It appears that the Bank of Canada’s optimism that the Canadian economy’s growth will pick up in the third and fourth quarters of this year is well founded. Not only was the employment report very robust for two consecutive months, but the jobless rate has fallen to its lowest level since at least 1976.
Also, Canada’s trade deficit, reported today, hit a six-month low in April, as exports continue to rebound from a recent slump. Consumer spending and business investment are also making a big comeback.

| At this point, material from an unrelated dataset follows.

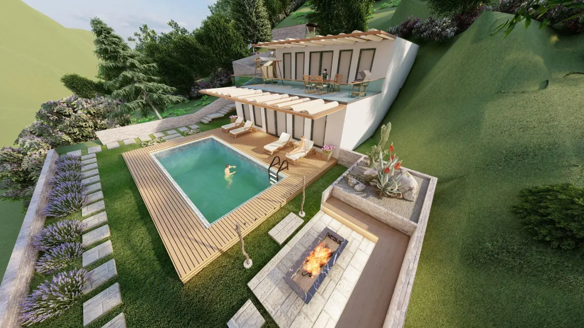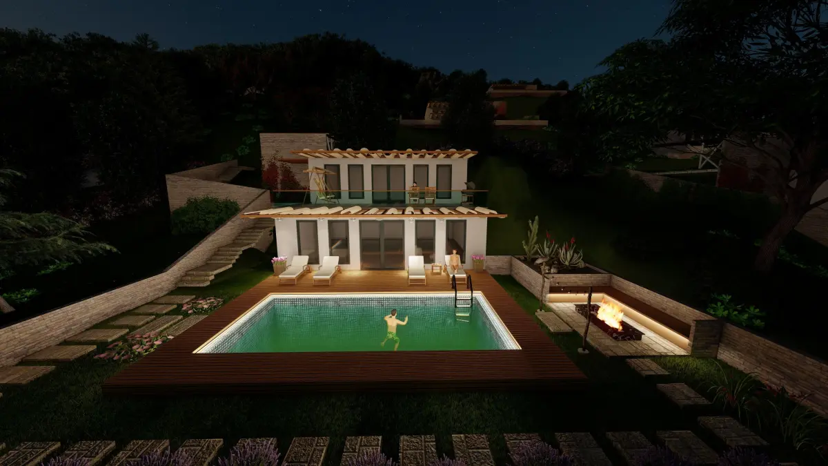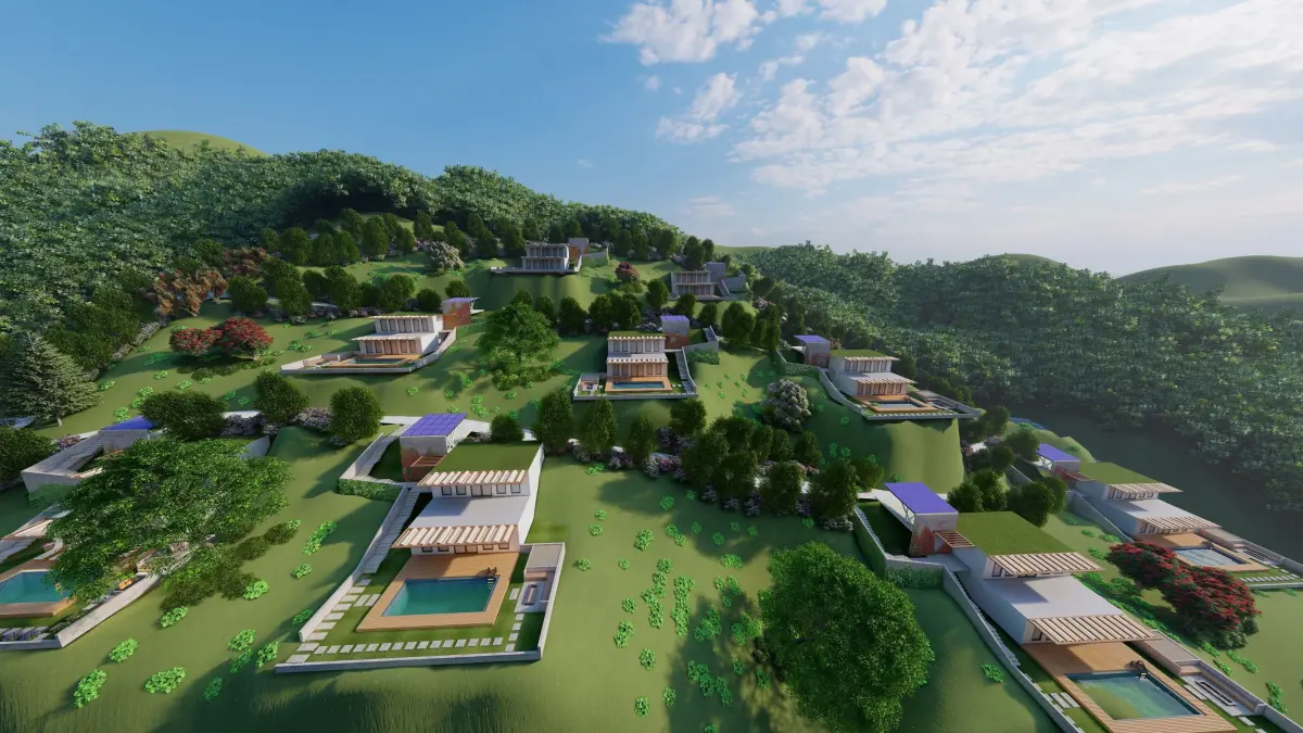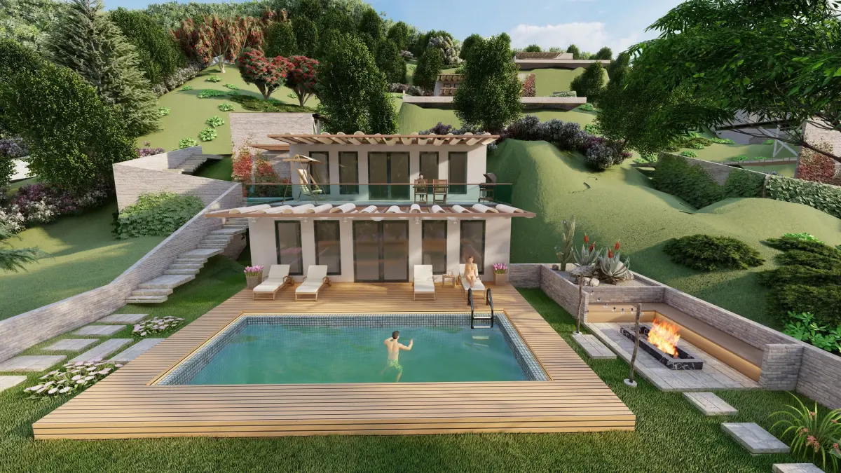 A site witch includes nine villas The villas have pools and sun pannelsHillside in natural area3d models in skp and ls11 formats - materials Not assigned! Animated in lumionNight render settings

Household spending has accelerated, despite concerns over bloated debt loads, assisted by easing rates on loans, substantial jobs gains, stabilizing housing markets and improving financial markets.
The Bank of Canada forecasts that growth will accelerate to an annualized 1.3% in the second quarter–following the meagre 0.4% expansion in Q1–and pick up further in the second half of this year, before accelerating back to above 2% growth by 2020. This comeback begs the question–why were markets expecting a rate cut by the bank in December? That expectation may well change after this morning’s Statistics Canada releases. Of course, one caveat remains, which is the uncertainty surrounding a trade war with China and Mexico. If the trade situation were to worsen, Canada’s economy would undoubtedly be sideswiped.
Canadian employment rose by 27,700 in May, bring the number of jobs created over the past year to a whopping 453,100. The jobless rate plunged to 5.4%, from 5.7% in April, the lowest in data going back to 1976. Economists had been forecasting employment to rise by only 5,000 last month after Canada recorded a record gain of 106,500 in April. The loonie jumped on the news.
The composition of the job gain was particularly heartening, as the rise was all in full-time employment. On the other hand, jobs by those who are self-employed increased by 61,500–the gig economy is alive and well.
The most substantial job gains were in Ontario and BC.
Wage growth continued to be strong in May as pay gains for permanent workers sere steady at 2.6%.
In direct contrast, the US jobs report, also released today, was weaker than expected. US payrolls and wage gains cooled as Trump’s trade war weighed on the economy. US employers added the fewest workers in three months, and wage gains eased, suggesting broader economic weakness and boosting expectations for a Federal Reserve interest-rate cut as President Donald Trump’s trade policies weigh on growth.